Acra now joins a trio of financial regulators – including the Monetary Authority of Singapore and the Singapore Exchange – which have publicly said they are keeping a close watch on affairs.

Corporate governance experts believe the accounting and auditing issue is likely to centre on Hyflux’s 2017 books, which the company released in March last year and carry the unqualified opinion of the auditors. It had slipped into the red for the first time in 2017 since its listing in 2001.

Yet two months later in May, Hyflux shocked investors when it filed for bankruptcy protection.

Its financial statements were prepared on the basis of going concern – an accounting method that assumes the company will remain solvent and operational indefinitely until proven otherwise.

According to Singapore’s auditing standards, auditors are duty-bound to question this assumption, assessing any risks to the company’s ability to stay afloat and avoid bankruptcy. They are also required to remain alert to any events or conditions that show otherwise.

Hyflux, in response to queries from the Securities Investors Association (Singapore) in February, told the watchdog there were no events to cast significant doubt on the assumption of going concern.

National University of Singapore associate professor of accounting Mak Yuen Teen said that if auditors had given an adverse opinion, ordinary shareholders and creditors could have chosen to get out earlier.

He noted that there were no separate audited statements for the group’s loss-making subsidiary Tuaspring for 2017.

Instead, Tuaspring’s 2016 audited figures were used by Hyflux in its latest replies to investors, with no mention on what happened to the 2017 statement. This was unusual considering the importance of Tuaspring to the group, said Prof Mak.

The Tuaspring integrated water and power project is the largest asset on Hyflux’s balance sheets, and the group had stated its intention to partially divest the plant in 2016. The subsidiary had appointed KPMG as its auditor since 2011.

Hyflux had also relied on external valuers to arrive at its $1.4 billion valuation of Tuaspring in 2011, 2013 and 2016, but this was later written down by more than $900 million last year.

In Hyflux’s annual report for the 2016 financial year, auditors had been aware of an independent external consultant hired by Hyflux to perform a Singapore power market study on the power plant.

The KPMG audit report that year stated that it had reviewed the methodology used and analysed the assumptions, which include details such as future electricity prices, plant utilisation and discount rates.

Prof Mak said that while auditors do not carry out valuations directly, it is their duty to provide robust oversight and question the third parties too. “It is often the case here that auditors do not challenge assumptions enough,” he added.

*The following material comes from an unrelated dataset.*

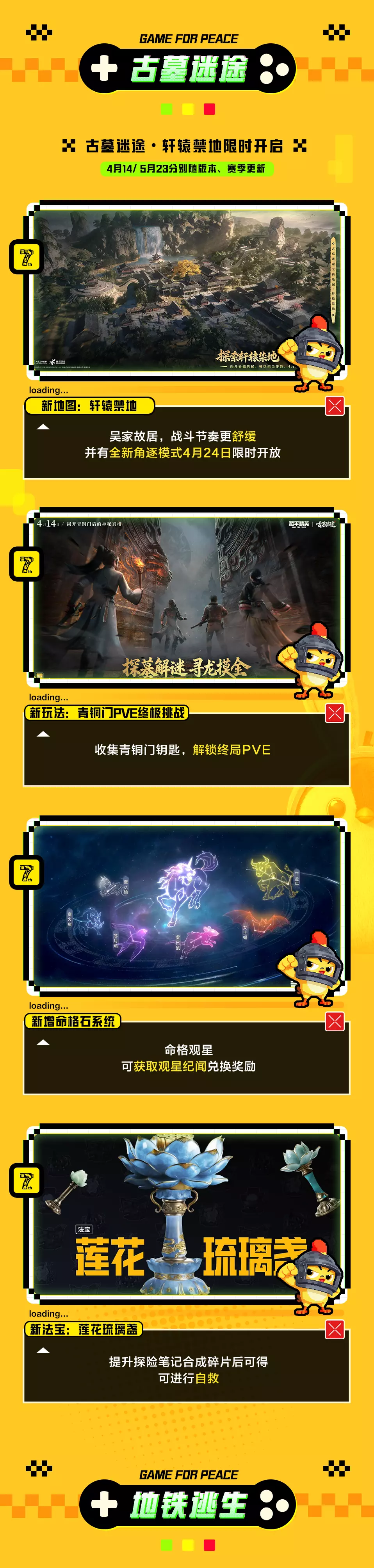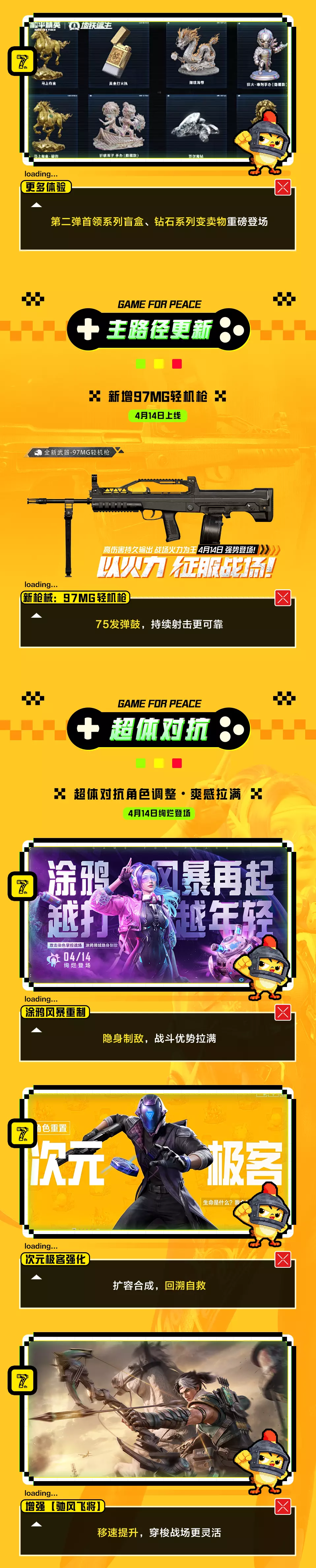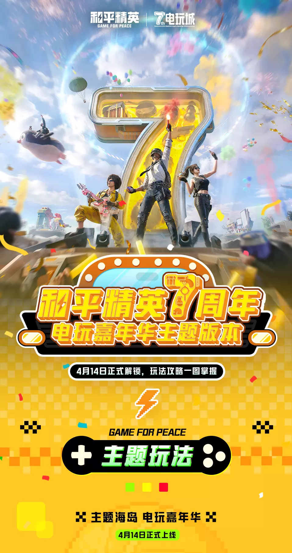 和平精英7周年电玩嘉年华主题版本4月14日上线,带来电玩城主题玩法、古墓迷途新内容、地铁逃生更新、97MG轻机枪、超体对抗调整等丰富内容,还有7周年专属福利可领取。
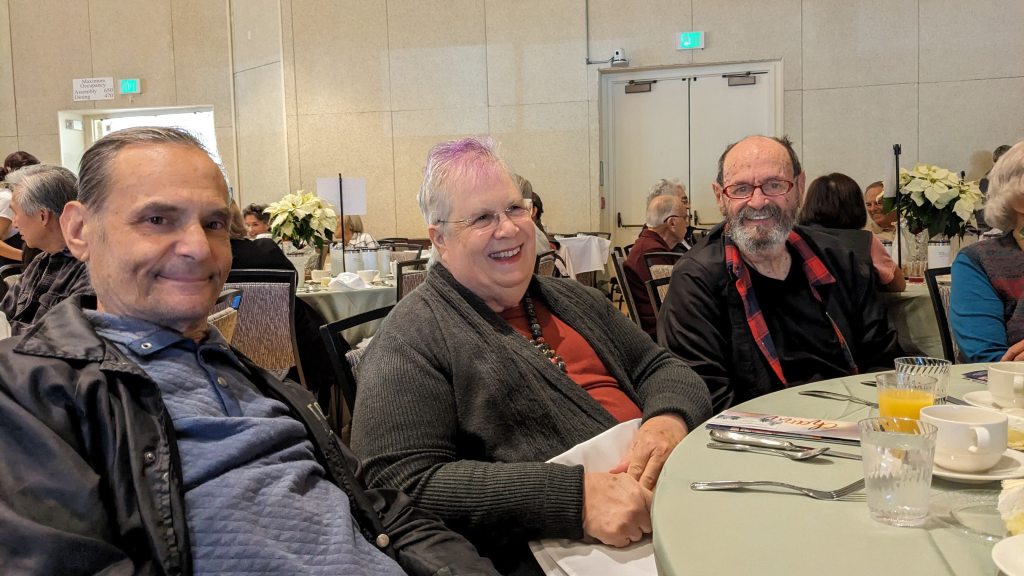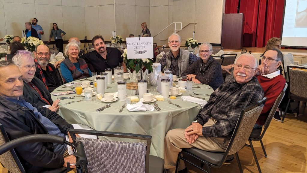 Ten Video Club volunteers were among over 500 hard-working residents honored at Laguna Woods Village’s annual Volunteer Appreciation Luncheon in Clubhouse 5 on December 1. (From left) Herve Rialle, Suzanne Savlov, John Kelly, Lili Green, Jack Crawbuck, Ward Cushman, Marsha Berman, Tom Nash, and Wolfgang Kutter. The tenth was Lucy Parker, who took the photo. Martinez Caterers outdid themselves with both the speed of the service and quality of the food (roast beef, salmon, chicken and all the trimmings).

Others pointed out that the $500 million perpetual securities – bonds with no maturity dates – issued by Hyflux are recorded as equity instead of debt in its books.

Such a practice is allowed under current accounting rules, and could have the effect of improving the group’s debt-to-equity ratios and give an impression of recovery.

One investor, who did not want to be named, asked if auditors had probed this aspect in determining Hyflux’s financial health, considering that the company had been generating negative cashflow for consecutive years.

KPMG, which had audited Hyflux since 2008, declined comment, citing client confidentiality.